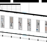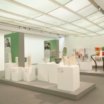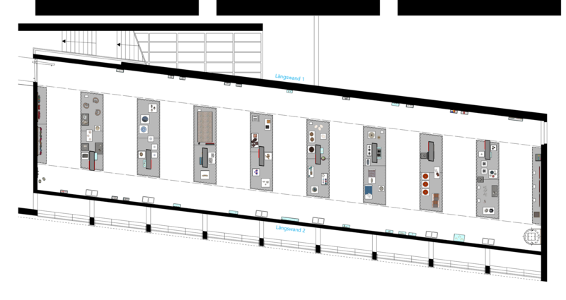 Erreicht wurde dies durch eine Reihung von Wandscheiben, die einen Gegenwinkel zu dem raumeigenen 7-Grad Winkel bildet. Dadurch wird der Raum in zwei gleichwertige durchlässige Dreiecke geteilt. Die Wandscheiben wiederum sind eingebettet in acht gleiche parallelogrammförmige Podeste, die eine Quererschließung des Raumes erlauben und so die gewünschte Gliederung ermöglichen. Bei der Bewegung quer zur Längsachse führt der Weg zu kleinteiligen Objektgruppen in Wandvitrinen auf der ideal beleuchteten Längswand.
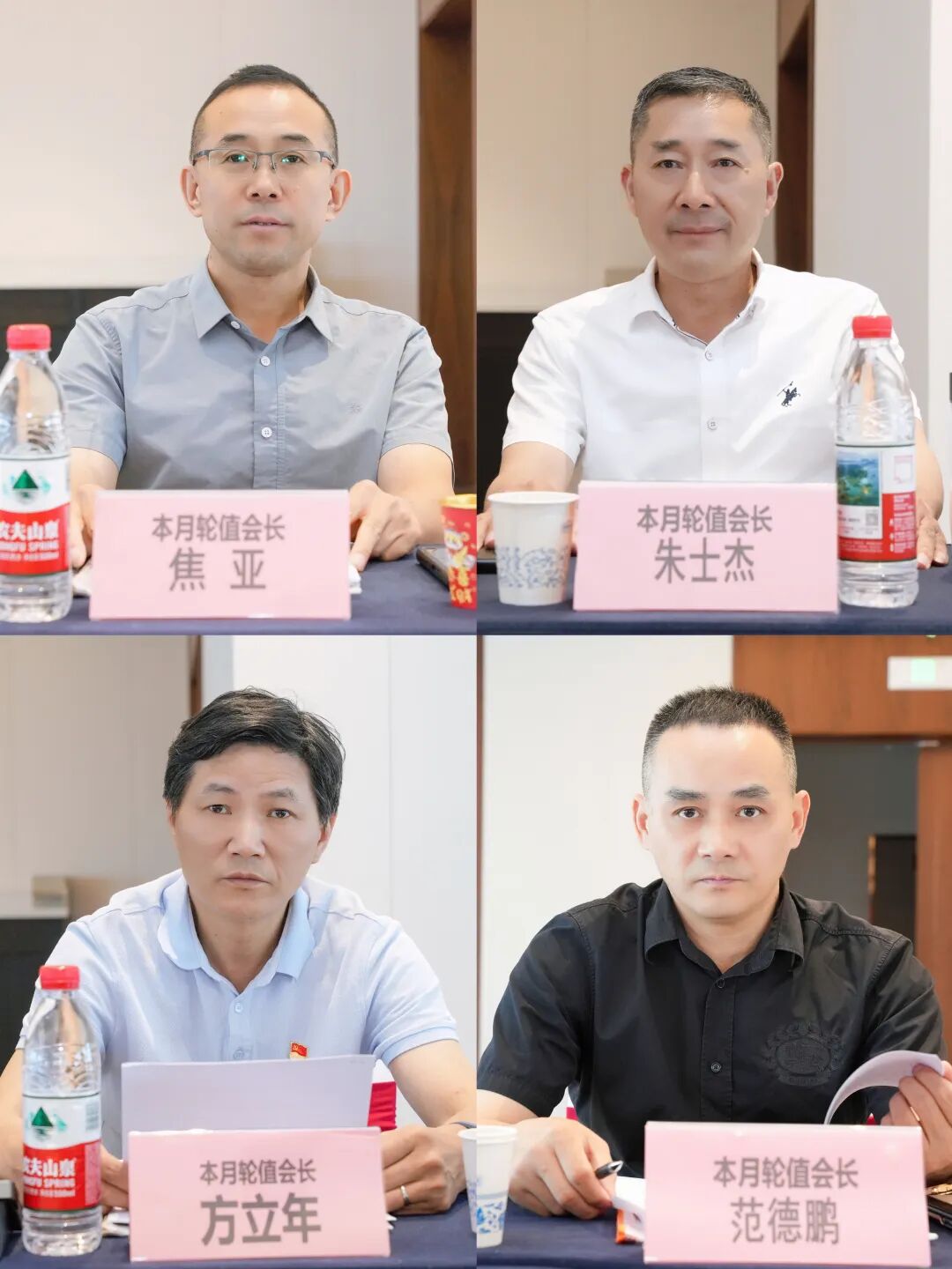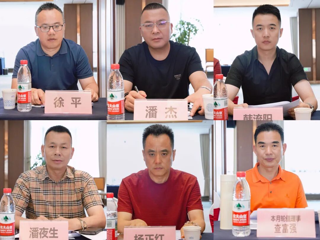 发布时间:2025-06-26 点击量:546月26日下午,宁波市安徽商会四届五次理事会议在宁波奉化方桥开元名庭大酒店二楼名庭厅成功召开。我会会长、宁波长阳科技股份有限公司董事长金亚东,党支部书记、执行会长汤长伟,常务副会长陶锦珊、焦亚(本月轮值会长)、黎晖、刘培群、韩振华、朱士杰(本月轮值会长)、常务副会长兼秘书长朱云,副会长方立年(本月轮值会长)、蔡志民、单洪洋、范德鹏(本月轮值会长)、葛俊杰、陶荣巧、李付金、张从圣、胡潇茹、理事51人参加了此次会议。监事长丁熊秀、监事张德权、副秘书长兼办公室主任闻玮玮、执行会长姚成志企业代表列席会议。
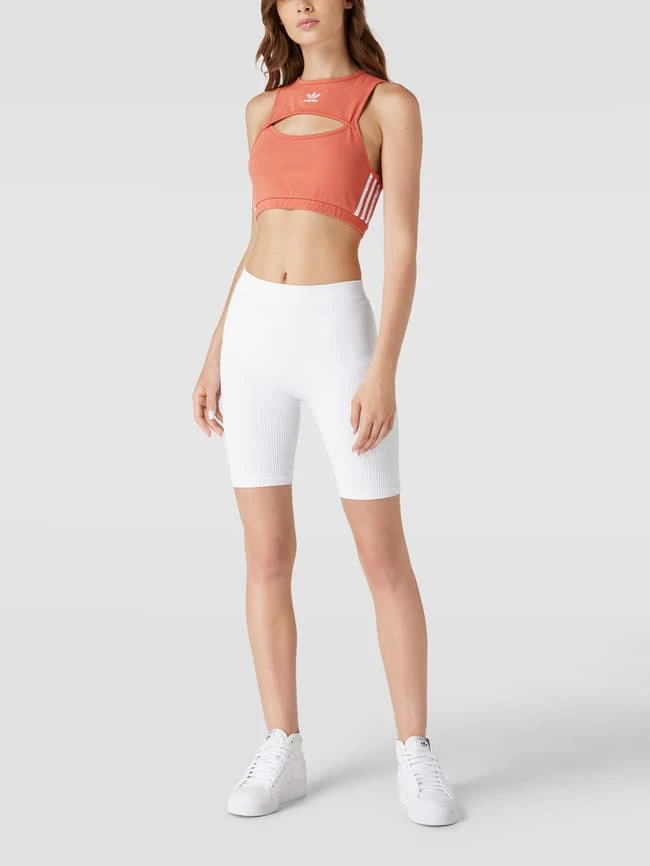 Das Crop Top von adidas Originals ist aus einem Viskose-Baumwoll-Mix mit Stretch-Anteil gefertigt und körpernah geschnitten. Es kommt mit Ripp-Optik, Label-Stitching, Cut Out und labeltypischen Streifen-Applikationen.
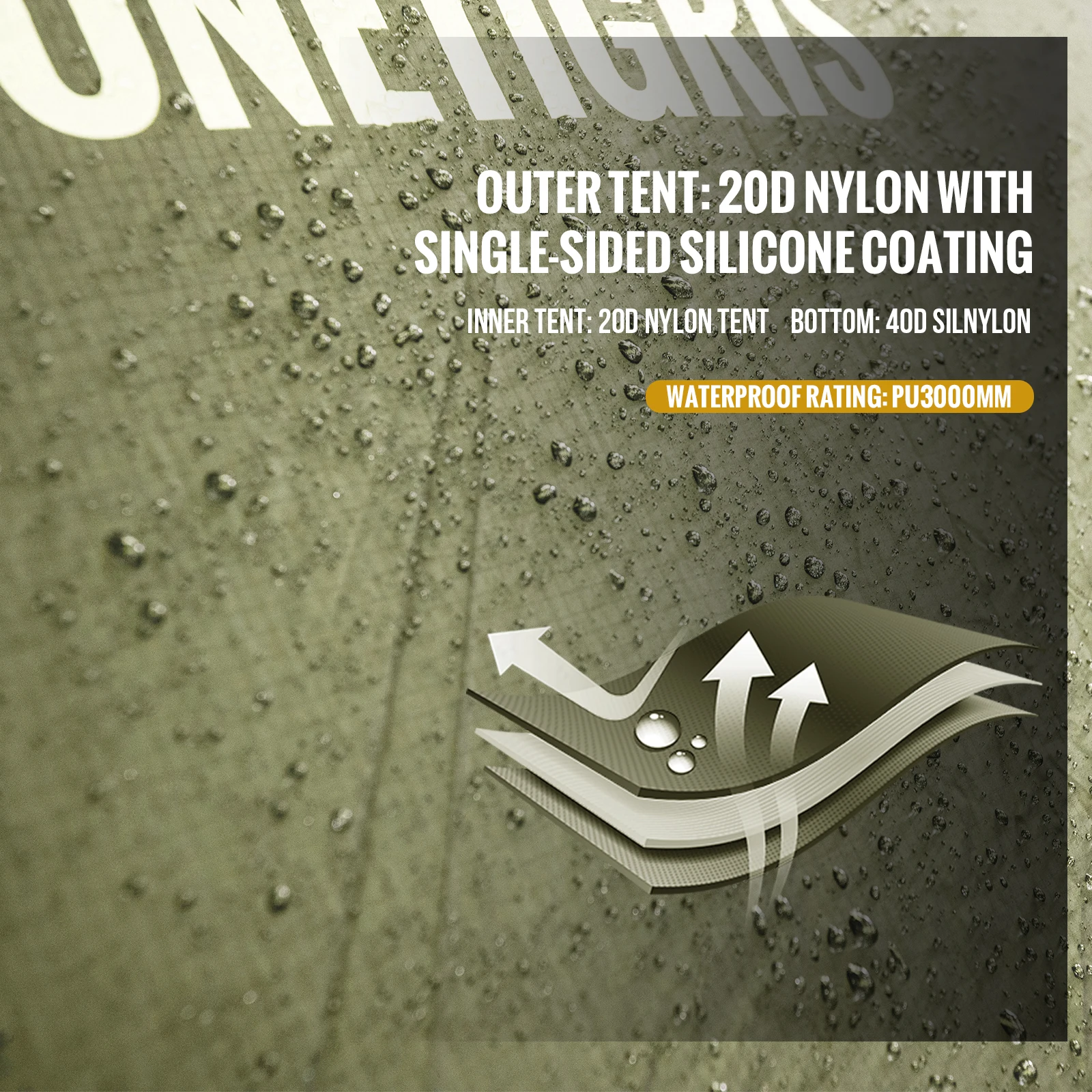 Ligera y duradera: la tienda de campaña OneTigris STELLA cuenta con una tela exterior de nailon 20D liviana y duradera con un revestimiento de silicona de una sola capa, lo que la hace resistente.Adecuado para mochileros, artesanos, campistas cotidianos y familias.
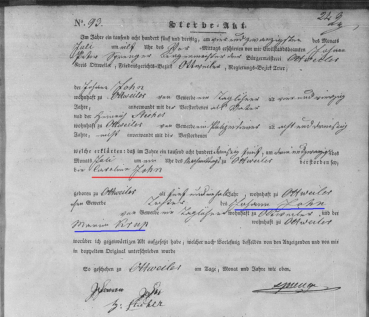 Sterberegister Nr. 93/1835 Zivilstandsregister Ottweiler
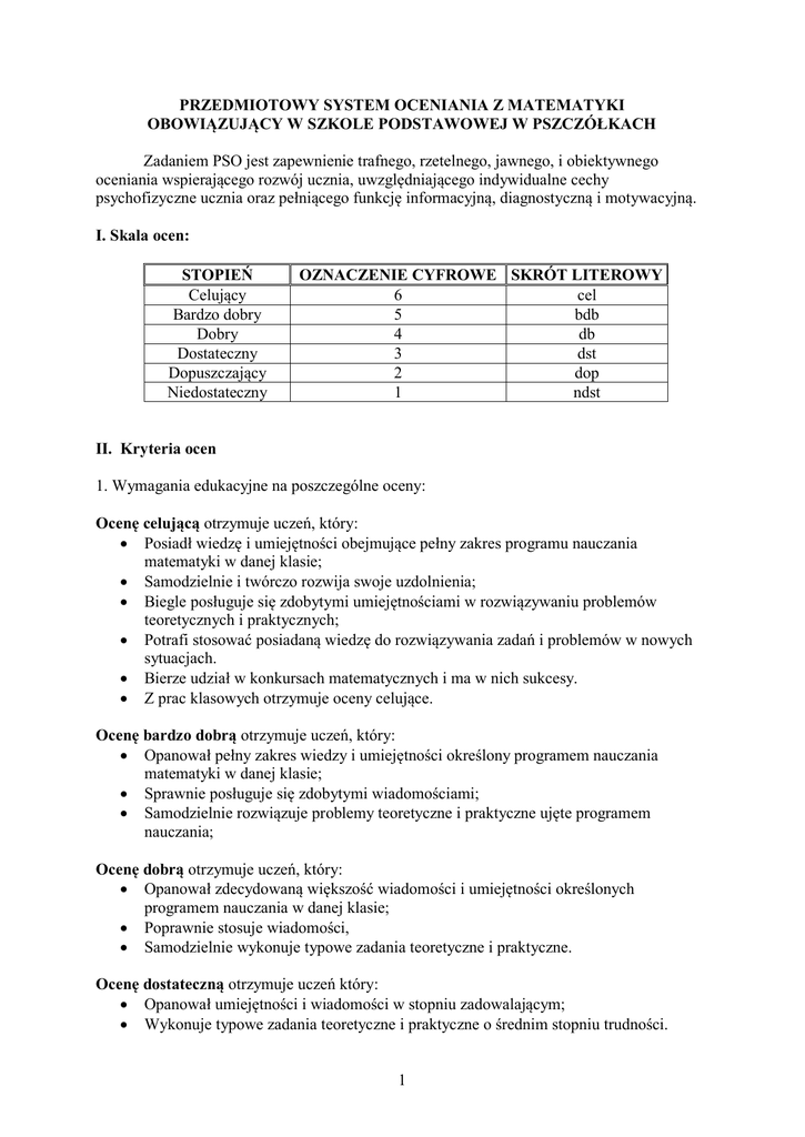 PRZEDMIOTOWY SYSTEM OCENIANIA Z MATEMATYKI OBOWIĄZUJĄCY W SZKOLE PODSTAWOWEJ W PSZCZÓŁKACH Zadaniem PSO jest zapewnienie trafnego, rzetelnego, jawnego, i obiektywnego oceniania wspierającego rozwój ucznia, uwzględniającego indywidualne cechy psychofizyczne ucznia oraz pełniącego funkcję informacyjną, diagnostyczną i motywacyjną. I. Skala ocen: STOPIEŃ Celujący Bardzo dobry Dobry Dostateczny Dopuszczający Niedostateczny OZNACZENIE CYFROWE SKRÓT LITEROWY 6 cel 5 bdb 4 db 3 dst 2 dop 1 ndst II. Kryteria ocen 1. Wymagania edukacyjne na poszczególne oceny: Ocenę celującą otrzymuje uczeń, który: Posiadł wiedzę i umiejętności obejmujące pełny zakres programu nauczania matematyki w danej klasie; Samodzielnie i twórczo rozwija swoje uzdolnienia; Biegle posługuje się zdobytymi umiejętnościami w rozwiązywaniu problemów teoretycznych i praktycznych; Potrafi stosować posiadaną wiedzę do rozwiązywania zadań i problemów w nowych sytuacjach. Bierze udział w konkursach matematycznych i ma w nich sukcesy. Z prac klasowych otrzymuje oceny celujące. Ocenę bardzo dobrą otrzymuje uczeń, który: Opanował pełny zakres wiedzy i umiejętności określony programem nauczania matematyki w danej klasie; Sprawnie posługuje się zdobytymi wiadomościami; Samodzielnie rozwiązuje problemy teoretyczne i praktyczne ujęte programem nauczania; Ocenę dobrą otrzymuje uczeń, który: Opanował zdecydowaną większość wiadomości i umiejętności określonych programem nauczania w danej klasie; Poprawnie stosuje wiadomości, Samodzielnie wykonuje typowe zadania teoretyczne i praktyczne. Ocenę dostateczną otrzymuje uczeń który: Opanował umiejętności i wiadomości w stopniu zadowalającym; Wykonuje typowe zadania teoretyczne i praktyczne o średnim stopniu trudności. 1 Ocenę dopuszczającą otrzymuje uczeń, który: Ma braki w opanowaniu programu, ale te braki nie przekraczają możliwości uzyskania przez ucznia podstawowej wiedzy z matematyki w ciągu dalszej nauki; Rozwiązuje zadania teoretyczne i praktyczne o niewielkim stopniu trudności. Ocenę niedostateczną otrzymuje uczeń, który: Nie opanował wiadomości i umiejętności określonych programem nauczania matematyki w danej klasie, a braki w wiadomościach i umiejętnościach nie pozwalają na dalsze zdobywanie wiedzy z tego przedmiotu; Nie jest w stanie wykonać zadań o niewielkim stopniu trudności. III. Formy sprawdzania i oceniania bieżącego wiedzy i umiejętności uczniów. 1. Nauczyciel na lekcjach matematyki może stosować następujące formy sprawdzania wiedzy i umiejętności ucznia: a) odpowiedzi ustne (m.in. udział w dyskusji, dialog, argumentowanie, wnioskowanie) b) prace pisemne w klasie: kartkówka dotyczy 3 ostatnich tematów zagadnień; bez zapowiedzi; czas trwania do 20 minut; sprawdzian zapowiedziany na 1- 3 dni wcześniej przed terminem, czas trwania do 30 minut; praca klasowa, zapowiedziana z tygodniowym wyprzedzeniem, poprzedzona wpisem do dziennika; czas trwania 1 godzina lekcyjna. testy różnego typu(otwarty, wyboru, zamknięty, problemowy, zadaniowy), zapowiedziany z kilkudniowym wyprzedzeniem, sprawdzający znajomość treści problemowych etapami; czas trwania do 60 minut. ( W klasie szóstej bez zapowiedzi). prace domowe: ćwiczenia, notatki, c) aktywność na lekcji: częste zgłaszanie się w czasie lekcji i udzielanie poprawnych odpowiedzi; rozwiązywanie zadań dodatkowych na lekcji, d) aktywność pozalekcyjna: a) rozwiązywanie zadań dodatkowych, b) udział w konkursach matematycznych, c) systematyczny udział w zajęciach koła matematycznego – klasy szóste. 2. Liczba i częstotliwość pomiarów jest zależna od realizowanego programu nauczania oraz liczby godzin w danej klasie. 3.Prace klasowe, sprawdziany, odpowiedzi ustne i prace domowe są obowiązkowe. 4. Uczeń nieobecny na pracy klasowej, teście ma obowiązek ją zaliczyć w czasie 1 tygodnia licząc od dnia powrotu z nieobecności. 5. Nauczyciel ma obowiązek zwrócić sprawdzone prace klasowe, sprawdziany, testy i kartkówki w terminie do dwóch tygodni roboczych. 2 6. Przy ocenianiu stosuje się następujący przelicznik procentowy -ocena niedostateczna – 0% do 30% -ocena dopuszczająca – 31% do 49% -ocena dostateczna – 50% do 74% -ocena dobra – 75% do 87% -ocena bardzo dobra – 88% do 94% -ocena celująca – 95% do 100% 7. Uczeń ma prawo do dwukrotnego zgłoszenia nieprzygotowania do lekcji w ciągu semestru, jest to odnotowane w dzienniku lekcyjnym w/w symbolem. 8. Częste nieprzygotowanie (powyżej 2 razy) jest traktowane jako brak wiadomości z danego zakresu i podlega ocenie niedostatecznej. 9. Przez nieprzygotowanie do lekcji rozumiemy: brak pracy domowej, nieprzygotowanie do odpowiedzi zajęć – brak zeszytu, ćwiczeń, przyborów.. 10. Aktywność na lekcji jest traktowana jako prezentacja umiejętności i wiedzy ucznia i podlega ocenie. 11. Za niesamodzielną pracę podczas pomiaru wiedzy i umiejętności uczeń otrzymuje ocenę niedostateczną. IV. Kryteria oceniania prac pisemnych z matematyki. 1. Aby zachować maksymalną obiektywność oceny prac pisemnych nauczyciel: stosuje punktację za wybór poprawnej metody rozwiązania i konsekwencję w jej stosowaniu oraz poprawność wyniku, w razie wątpliwości, co do prawidłowości rozumowania ucznia, nauczyciel przeprowadza rozmowę w celu ich wyjaśnienia, uzależnia ostateczną ocenę nie tylko od liczby zdobytych punktów, ale również od ilości rozwiązanych w pełni zadań. V. Formy poprawy oceny niedostatecznej przez uczniów 1. Poprawie podlegają prace klasowe. 2. Uczeń ma prawo do poprawy otrzymanej z pracy klasowej oceny niedostatecznej w terminie tygodnia od jej otrzymania. 3. Ocena otrzymana z poprawy jest wpisywana do dziennika obok wcześniej otrzymanej oceny niedostatecznej. 4. Kartkówki, odpowiedzi ustne, prace domowe nie podlegają poprawie. 3 V. Umowa w sprawie nie przygotowania się ucznia do zajęć. 1
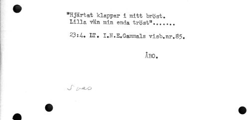 //// "Hjärtat klappar i mitt bröst. //// Lilla vän min enda trbst"....... //// 23:4. LT. I.N.E.Gammals visb.nr.85. //// ÅBO. //// ny å //// ^^^^ ^^ - ////
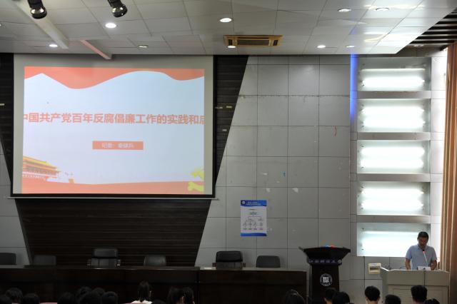 接下来秦建兵老师细致的向同学们讲解了中国共产党百年反腐倡廉工作实践。秦建兵老师将百年工作分为七个历史时期,向同学阐述中国共产党在初创时期、土地革命战争时期、抗日战争时期、解放战争时期、社会主义建设时期、改革开放新时期和中国特色社会主义新时代的反腐工作。
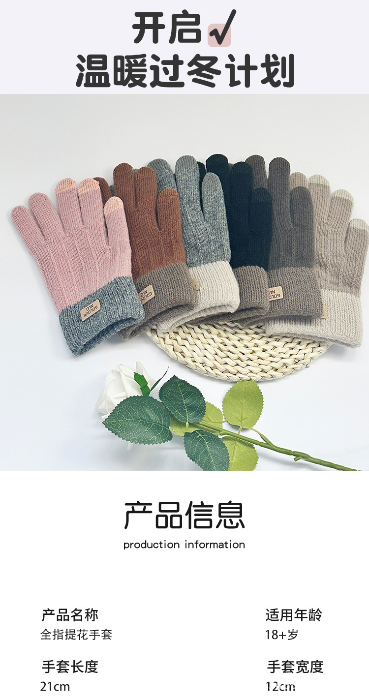 따뜻한 터치 스크린 장갑 학생 겨울 장갑 두꺼운 야외 단색 전체 손가락 니트 국경 전체 손가락 사이클링 장갑

☆ ☆ ☆ ☆ ☆

* [Description of the task]:
I need the lines from the line containing "接下来秦建兵老师细致的向同学" through the final line of the listing duplicated exactly, both ends included, with no pictures and nothing else.

* [Output for this task]:
 接下来秦建兵老师细致的向同学们讲解了中国共产党百年反腐倡廉工作实践。秦建兵老师将百年工作分为七个历史时期,向同学阐述中国共产党在初创时期、土地革命战争时期、抗日战争时期、解放战争时期、社会主义建设时期、改革开放新时期和中国特色社会主义新时代的反腐工作。
 따뜻한 터치 스크린 장갑 학생 겨울 장갑 두꺼운 야외 단색 전체 손가락 니트 국경 전체 손가락 사이클링 장갑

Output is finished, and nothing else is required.